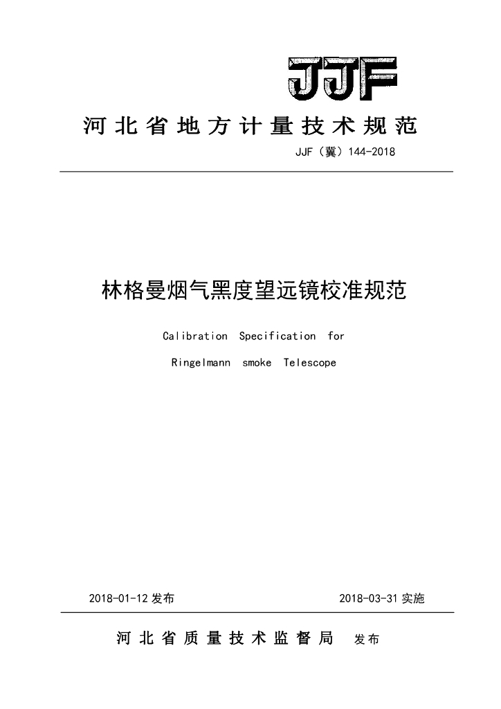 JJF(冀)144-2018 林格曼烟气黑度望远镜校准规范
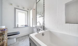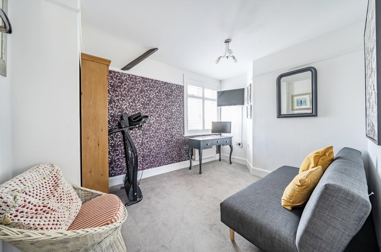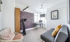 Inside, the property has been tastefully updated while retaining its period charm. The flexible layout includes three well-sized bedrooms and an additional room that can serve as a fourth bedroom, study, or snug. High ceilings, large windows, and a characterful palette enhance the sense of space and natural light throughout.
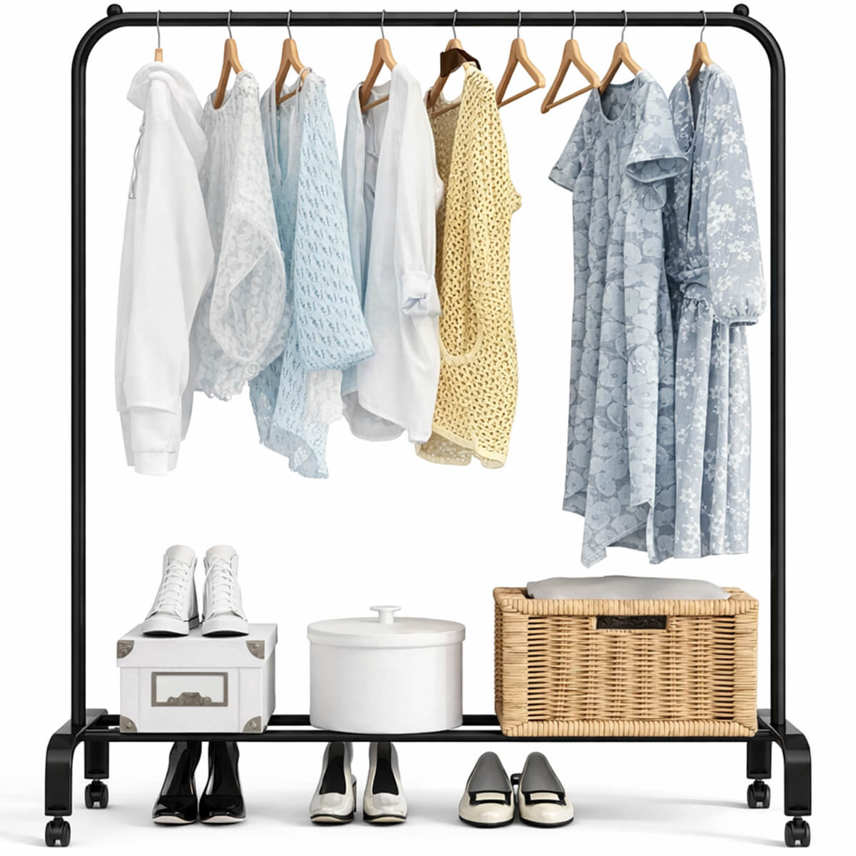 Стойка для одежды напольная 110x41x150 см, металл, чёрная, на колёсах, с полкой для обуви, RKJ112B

__________________________________________________

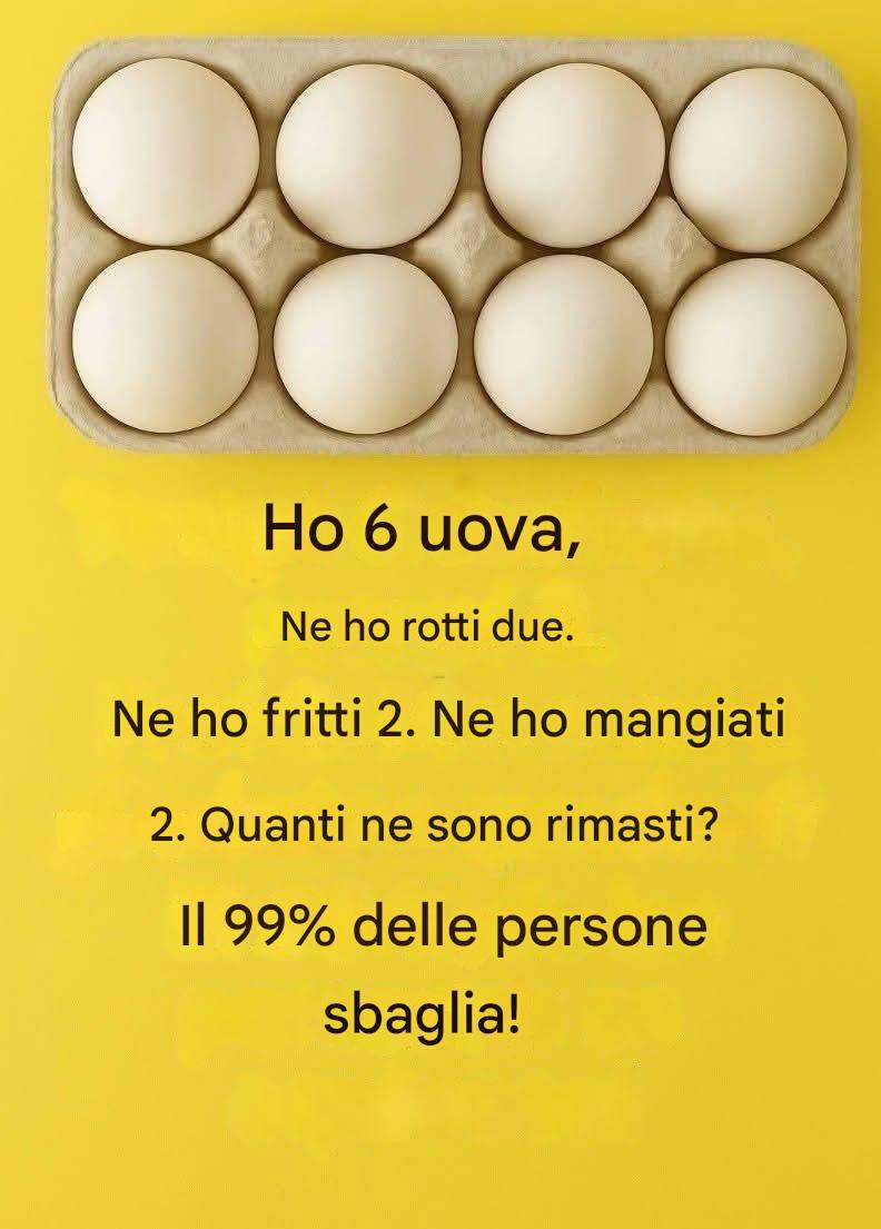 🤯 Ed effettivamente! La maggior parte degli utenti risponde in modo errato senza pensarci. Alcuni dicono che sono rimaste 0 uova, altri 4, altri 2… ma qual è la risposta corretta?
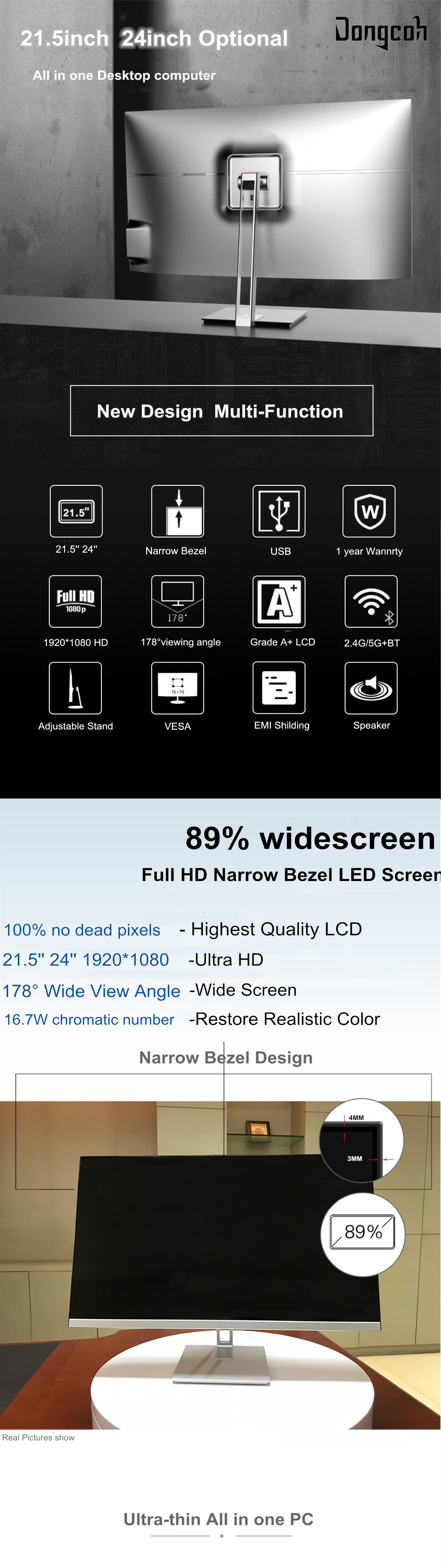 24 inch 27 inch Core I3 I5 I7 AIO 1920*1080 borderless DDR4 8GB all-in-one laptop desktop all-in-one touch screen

__________________________________________________

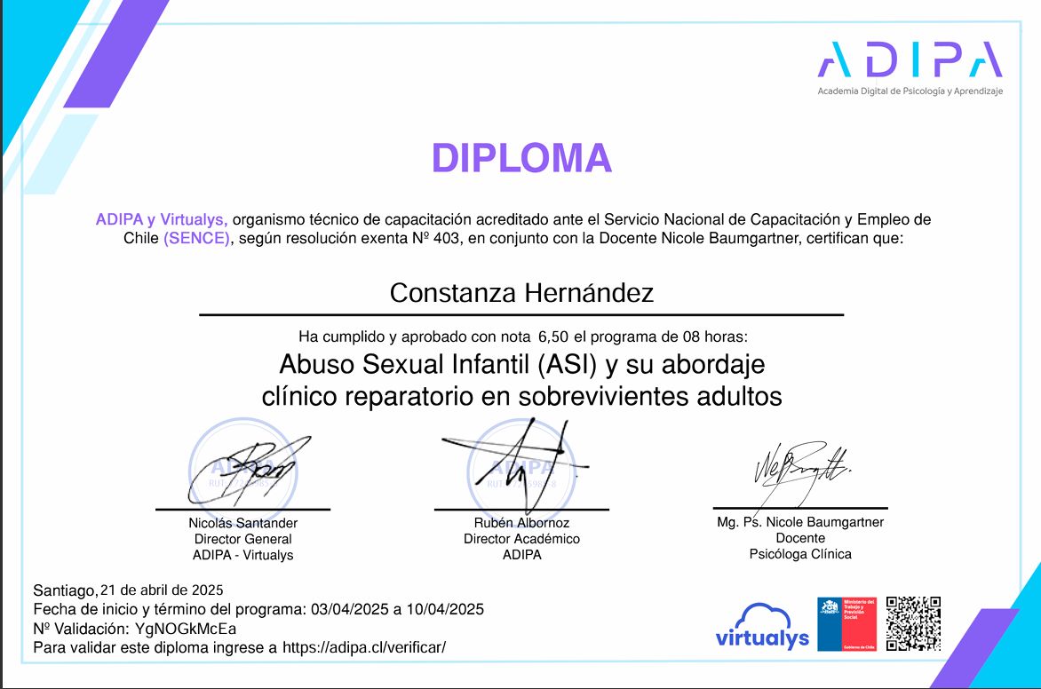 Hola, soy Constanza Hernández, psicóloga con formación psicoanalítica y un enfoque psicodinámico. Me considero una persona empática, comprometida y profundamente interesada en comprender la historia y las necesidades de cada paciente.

__________________________________________________

▸ **INSTRUCTIONS TO FOLLOW**
Nothing but the lines above, starting at the line that contains "Inside, the property" and ending at the line that contains "Стойка для одежды", should be given again, exactly and without the pictures.

▸ **TASK RESPONSE**
 Inside, the property has been tastefully updated while retaining its period charm. The flexible layout includes three well-sized bedrooms and an additional room that can serve as a fourth bedroom, study, or snug. High ceilings, large windows, and a characterful palette enhance the sense of space and natural light throughout.
 Стойка для одежды напольная 110x41x150 см, металл, чёрная, на колёсах, с полкой для обуви, RKJ112B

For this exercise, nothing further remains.